Graphical representations of negative plasticity (A) and hyperplasticity (B) across the average environment of selection of each island. Full lines correspond to island expectations of the intercept (green), effect of plasticity ($\overline{b}{D}_{it}$) (blue) and phenotype (black), averaged over time, and the dashed line corresponds to the phenotypic optimum. (A) shows that when the DO‐regression coefficient is negative in time (${\kappa }_T=-0.8$) and positive in space (${\kappa }_I=0.8$), plasticity causes a spatial change in phenotype that is opposite in sign to the change in the optimum. Environmental variances are ${\sigma }_{D_T}^2={\sigma }_{S_T}^2={\sigma }_{D_I}^2={\sigma }_{S_I}^2=1$. (B) shows that when both the DO‐regression coefficient and the environmental variances are greater in time (${\kappa }_T=2$ and ${\sigma }_{D_T}^2={\sigma }_{S_T}^2=2$) than in space (${\kappa }_I=0.8$ and ${\sigma }_{D_I}^2={\sigma }_{S_I}^2=0.05$), plasticity can evolve to values that overshoot the optimum.

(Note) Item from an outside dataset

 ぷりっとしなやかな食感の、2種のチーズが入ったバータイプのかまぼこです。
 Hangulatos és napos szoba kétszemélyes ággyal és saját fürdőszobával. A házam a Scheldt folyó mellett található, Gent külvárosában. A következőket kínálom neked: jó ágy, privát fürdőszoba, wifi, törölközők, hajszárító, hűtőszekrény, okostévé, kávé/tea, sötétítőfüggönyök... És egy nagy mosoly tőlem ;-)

In both cases, if the rate of philopatry is high enough (${\alpha }_I=0.99$), subpopulations can genetically track spatial fluctuations to counteract the effects of plasticity. The remaining fixed parameter values are $A=0$, $B=1$, $G_{aa}=G_{bb}=E_{aa}=E_{bb}=1$, ${\omega }_z=1$, ${\omega }_b=3$, ${\alpha }_I=0.99$, and ${\alpha }_T=0.5$. From the assumption that environmental fluctuations specific to a time and place are zero, ${\sigma }_{D_{I·T}}^2={\sigma }_{S_{I·T}}^2=0$.